The Sudden Increase in the Rate of Sea Level Rise

New Scientist
New ScientistMay 21, 2026

Why It Matters

The faster‑than‑expected sea‑level rise amplifies coastal flood risk and could outpace current mitigation and adaptation strategies, impacting economies and communities worldwide.

Key Takeaways

  • Sea level rise rate jumped from 2.9 mm/yr to 4.1 mm/yr after 2012.
  • Researchers link acceleration to reduced cooling aerosols, especially from China.
  • Deep‑ocean warming below 2 km may account for unexplained rise.
  • IPCC projects up to 2 m rise by 2100, worst‑case 5 m by 2150.
  • Continued rise could reach 15 m by 2300 if emissions persist.

Summary

The video discusses recent acceleration in global sea‑level rise, noting that satellite records over three decades showed a relatively steady increase of about 3.6 mm per year, but a distinct jump occurred around 2012, raising the rate from 2.9 mm/yr to 4.1 mm/yr.

Researchers attribute the acceleration partly to reduced aerosol cooling, especially sulfur emissions from China, and to warming of deep ocean layers below 2 km, which expands water volume. Conventional contributors—thermal expansion of surface waters, glacier melt, and ice‑sheet loss—no longer fully explain the observed rise.

The video cites IPCC projections ranging from a median 1 m rise by 2100 to a worst‑case 2 m, with extreme scenarios of 5 m by 2150 and even 15 m by 2300. A quoted line emphasizes that sea‑level rise “won’t stop; it will keep on rising and rising.”

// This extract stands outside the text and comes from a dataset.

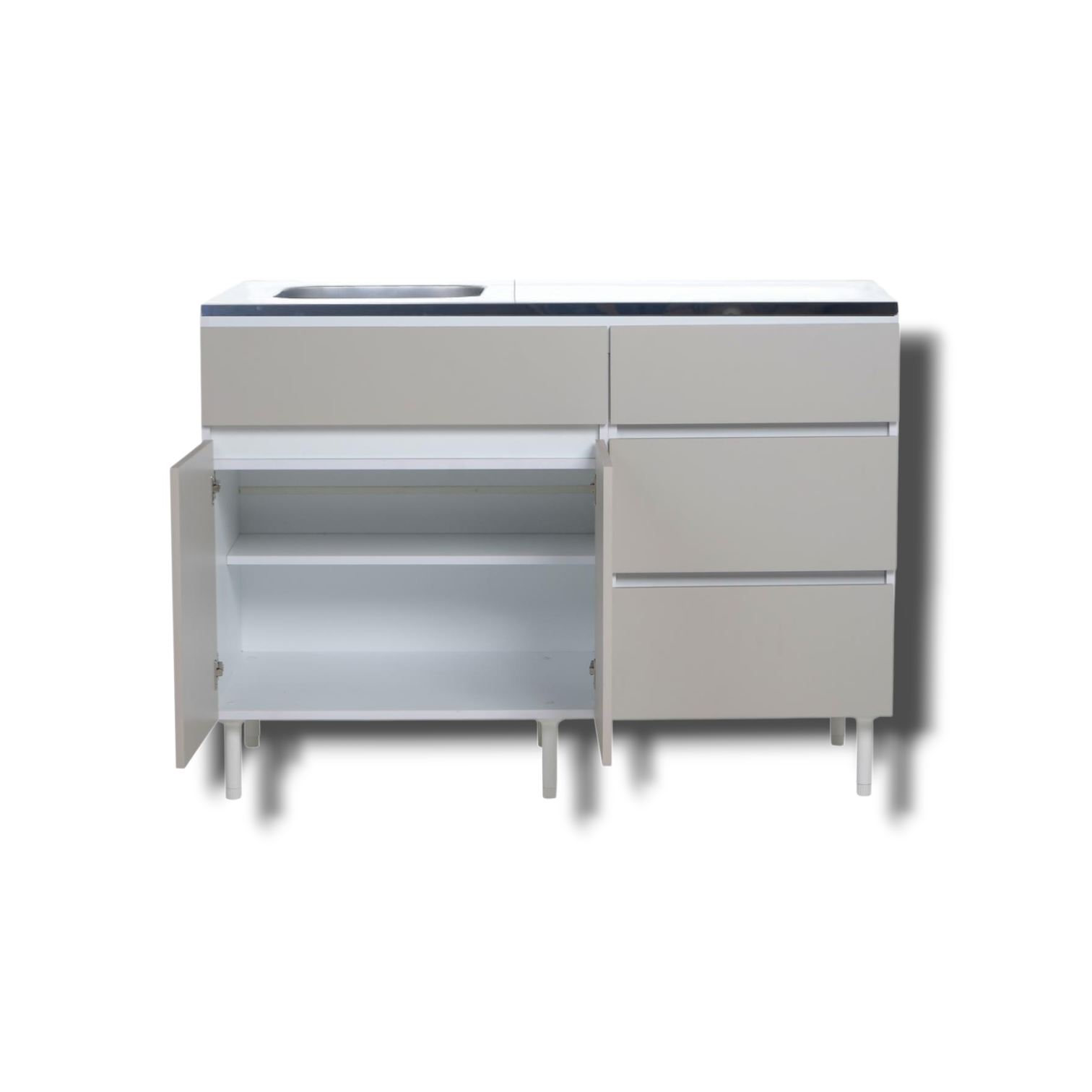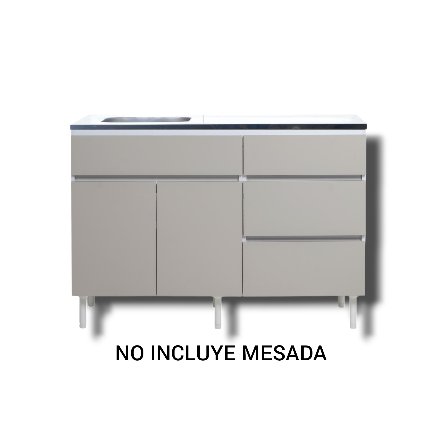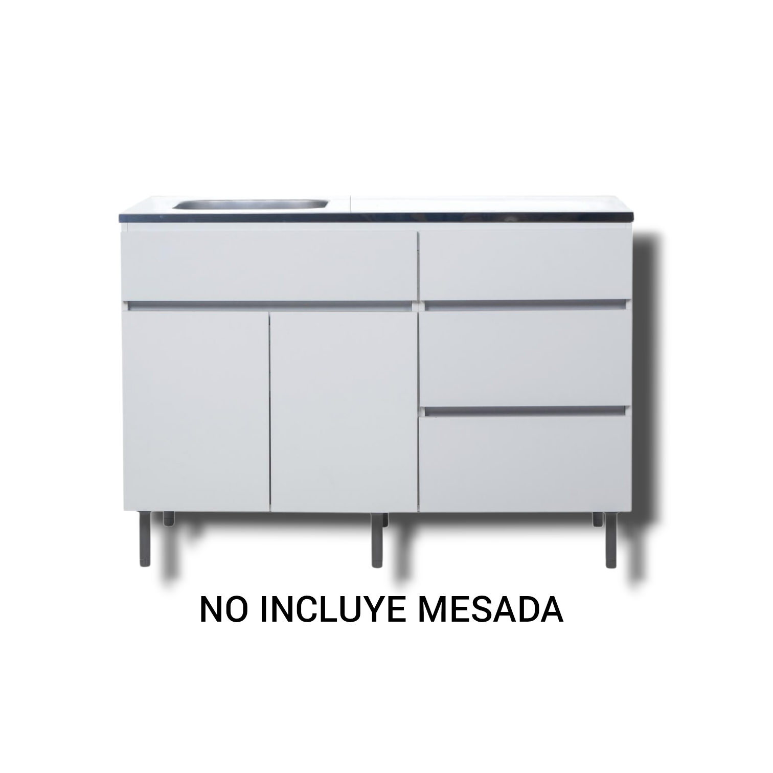 LÍNEA LIVORNO - RICHEZZE Bajo Mesada - 2 Puertas - 3 Cajones - 1 estante Mueble listo para armar, embalado en una sólida caja de cartón Incluye manual de instrucciones de armado NO INCLUYE MESADA CARACTERÍSTICAS

The accelerating trend signals heightened risk for coastal infrastructure, real‑estate markets, and low‑lying populations, urging policymakers to factor higher sea‑level scenarios into adaptation planning and to reconsider emissions pathways that could exacerbate deep‑ocean warming.

Original Description

There has been a sudden increase in the rate of sea level rise
The average global sea level has already risen by more than 0.2 metres over the past 15 years as a result of global warming. This has been caused by a number of factors: as well as increasing melting of mountain glaciers and the ice sheets of Greenland and Antarctica, the oceans are expanding as they warm.
Satellite measurements of sea level began only in the 1990s and the rate of rise was thought to have been fairly steady, at around 3.6 millimetres per year. But, as more satellite data has come in, researchers have spotted a sudden acceleration around 2012, which has remained higher ever since.